GOAL OF THE EXERCISE:
Would you please repeat, word for word, only the lines from the one holding "兒子這邊,周萍費(fèi)了" through the one holding "Wunderschöne geschmacksneutrale Trinkflasche" in the material below, without the pictures?

MATERIALS PROVIDED:
---*---

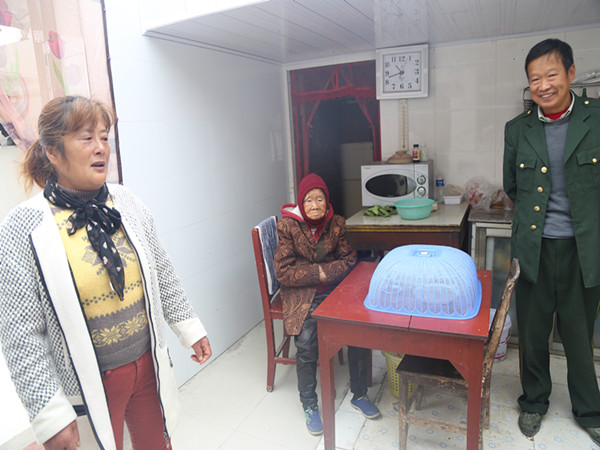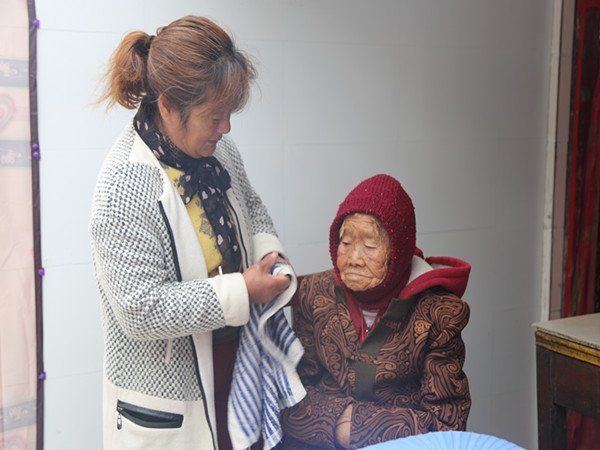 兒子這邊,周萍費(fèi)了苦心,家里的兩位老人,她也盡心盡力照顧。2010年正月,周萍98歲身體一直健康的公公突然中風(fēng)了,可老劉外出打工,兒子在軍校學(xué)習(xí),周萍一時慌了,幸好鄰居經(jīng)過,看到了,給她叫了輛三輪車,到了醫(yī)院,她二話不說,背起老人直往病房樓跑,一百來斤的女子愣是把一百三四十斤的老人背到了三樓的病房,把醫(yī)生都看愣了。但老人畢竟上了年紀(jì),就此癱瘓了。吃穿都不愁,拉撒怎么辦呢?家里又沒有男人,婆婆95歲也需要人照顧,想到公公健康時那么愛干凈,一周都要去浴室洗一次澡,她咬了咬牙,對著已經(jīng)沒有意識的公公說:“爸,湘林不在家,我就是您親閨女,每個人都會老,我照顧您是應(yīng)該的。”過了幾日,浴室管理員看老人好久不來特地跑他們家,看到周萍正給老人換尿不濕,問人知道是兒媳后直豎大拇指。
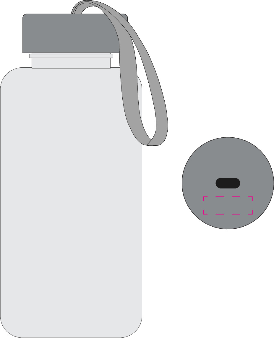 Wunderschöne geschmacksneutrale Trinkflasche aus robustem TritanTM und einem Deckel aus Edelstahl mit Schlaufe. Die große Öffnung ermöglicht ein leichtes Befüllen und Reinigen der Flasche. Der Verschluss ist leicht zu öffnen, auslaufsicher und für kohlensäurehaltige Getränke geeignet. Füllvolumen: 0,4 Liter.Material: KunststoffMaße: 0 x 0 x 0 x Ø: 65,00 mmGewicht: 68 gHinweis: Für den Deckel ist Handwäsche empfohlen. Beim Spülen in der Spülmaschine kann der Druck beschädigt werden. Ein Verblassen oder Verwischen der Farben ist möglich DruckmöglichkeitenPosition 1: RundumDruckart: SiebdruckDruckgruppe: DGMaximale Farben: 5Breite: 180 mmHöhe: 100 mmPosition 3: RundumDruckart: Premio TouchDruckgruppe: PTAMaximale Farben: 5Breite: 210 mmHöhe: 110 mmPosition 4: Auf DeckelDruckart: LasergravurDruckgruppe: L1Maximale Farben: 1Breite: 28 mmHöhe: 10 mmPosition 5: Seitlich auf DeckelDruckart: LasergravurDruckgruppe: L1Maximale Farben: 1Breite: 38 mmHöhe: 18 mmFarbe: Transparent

---*---

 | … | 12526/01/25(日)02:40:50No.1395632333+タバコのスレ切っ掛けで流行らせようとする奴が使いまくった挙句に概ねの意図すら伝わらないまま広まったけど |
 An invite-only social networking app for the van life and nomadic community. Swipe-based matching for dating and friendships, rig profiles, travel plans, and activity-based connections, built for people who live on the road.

---*---

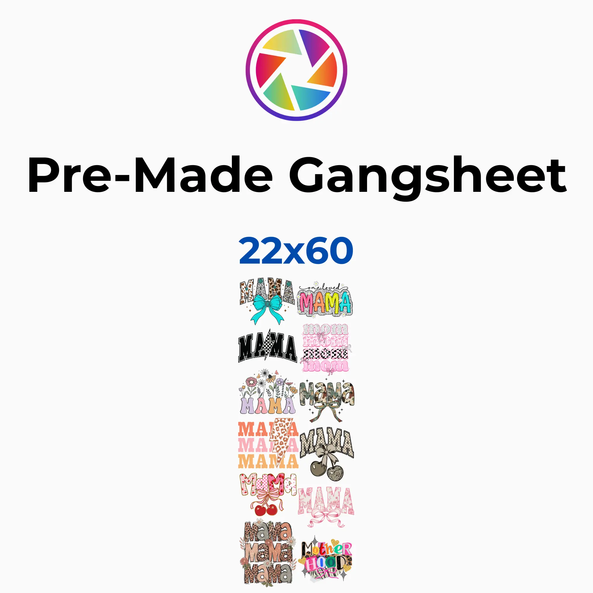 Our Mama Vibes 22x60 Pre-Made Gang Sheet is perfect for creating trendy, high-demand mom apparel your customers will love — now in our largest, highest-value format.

---*---

EXERCISE RESPONSE:
 兒子這邊,周萍費(fèi)了苦心,家里的兩位老人,她也盡心盡力照顧。2010年正月,周萍98歲身體一直健康的公公突然中風(fēng)了,可老劉外出打工,兒子在軍校學(xué)習(xí),周萍一時慌了,幸好鄰居經(jīng)過,看到了,給她叫了輛三輪車,到了醫(yī)院,她二話不說,背起老人直往病房樓跑,一百來斤的女子愣是把一百三四十斤的老人背到了三樓的病房,把醫(yī)生都看愣了。但老人畢竟上了年紀(jì),就此癱瘓了。吃穿都不愁,拉撒怎么辦呢?家里又沒有男人,婆婆95歲也需要人照顧,想到公公健康時那么愛干凈,一周都要去浴室洗一次澡,她咬了咬牙,對著已經(jīng)沒有意識的公公說:“爸,湘林不在家,我就是您親閨女,每個人都會老,我照顧您是應(yīng)該的。”過了幾日,浴室管理員看老人好久不來特地跑他們家,看到周萍正給老人換尿不濕,問人知道是兒媳后直豎大拇指。
 Wunderschöne geschmacksneutrale Trinkflasche aus robustem TritanTM und einem Deckel aus Edelstahl mit Schlaufe. Die große Öffnung ermöglicht ein leichtes Befüllen und Reinigen der Flasche. Der Verschluss ist leicht zu öffnen, auslaufsicher und für kohlensäurehaltige Getränke geeignet. Füllvolumen: 0,4 Liter.Material: KunststoffMaße: 0 x 0 x 0 x Ø: 65,00 mmGewicht: 68 gHinweis: Für den Deckel ist Handwäsche empfohlen. Beim Spülen in der Spülmaschine kann der Druck beschädigt werden. Ein Verblassen oder Verwischen der Farben ist möglich DruckmöglichkeitenPosition 1: RundumDruckart: SiebdruckDruckgruppe: DGMaximale Farben: 5Breite: 180 mmHöhe: 100 mmPosition 3: RundumDruckart: Premio TouchDruckgruppe: PTAMaximale Farben: 5Breite: 210 mmHöhe: 110 mmPosition 4: Auf DeckelDruckart: LasergravurDruckgruppe: L1Maximale Farben: 1Breite: 28 mmHöhe: 10 mmPosition 5: Seitlich auf DeckelDruckart: LasergravurDruckgruppe: L1Maximale Farben: 1Breite: 38 mmHöhe: 18 mmFarbe: Transparent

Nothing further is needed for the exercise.